To investigate the genetic defect resulting in the hypersensitivity to IR, extracts of cells derived from patient 15–9BI were immunoblotted to assess the expression levels of various proteins known to be involved in the cellular response to DNA DSBs. None of the proteins analyzed in 15–9BI cells exhibited any alterations in expression level or size (SI Fig. 6_B_). Furthermore, the ATM, hMRE11, NBS1, hRAD50, DNA ligase IV, XRCC4, Cernunnos/XLF, MCPH1 (BRIT1), and H2AX genes were sequenced by using genomic DNA from patient 15–9BI cells and found to be wild type. These results indicate that the genetic defect in patient 15–9BI may lie within a previously uncharacterized DNA DSBR gene.

Abnormal Relocalization of DSBR Proteins in RIDDLE Syndrome Cells After IR Exposure.

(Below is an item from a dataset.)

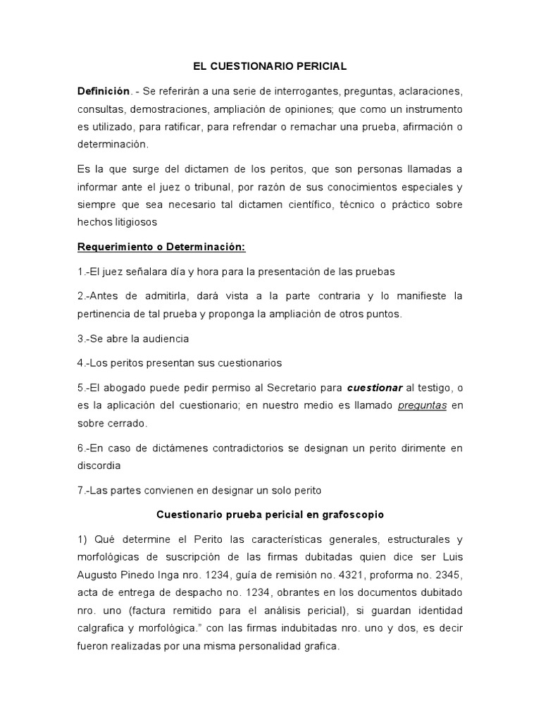 Cuestionario Prueba Pericial.

One important aspect of the cellular response to DNA damage is the ability of the repair and checkpoint proteins to efficiently relocalize to sites of damage; this has been clearly demonstrated in mice that lack histone variant, H2AX, which fail to properly relocalize 53BP1, BRCA1, and Nbs1 to repair foci, subsequently resulting in increased genomic instability and a hypersensitivity to agents that induce DNA DSBs (7, 8). To assess whether cells from patient 15–9BI exhibited any abnormalities relocalizing DNA DSBR proteins to sites of damage, immunofluorescence was used to detect protein redistribution over time after exposure to IR. Unexpectedly, fibroblasts from patient 15–9BI formed significantly increased numbers of MDC1 (Fig. 2), γ-H2AX, Nbs1, and Rad51 (SI Fig. 7 A and B and SI Fig. 8) but not Fancd2 foci (data not shown) when compared with a control fibroblast cell line. These foci persisted at 24 h after irradiation, when the majority of lesions in the control fibroblast cell line had been repaired, as judged by γ-H2AX staining.

Fig. 2.

Fig. 2.

The 15–9BI cells show enhanced MDC1 recruitment to DNA breaks after irradiation. Control and 15–9BI fibroblasts were mock-irradiated or exposed to 3 Gy of IR and fixed at the times indicated after irradiation. Cells were stained with an anti-MDC1 antibody and DAPI to visualize the nuclear DNA. The histogram indicates the number of cells with MDC1 foci at 24 h after irradiation. A minimum of 300 cells was counted, and this was repeated at least three times.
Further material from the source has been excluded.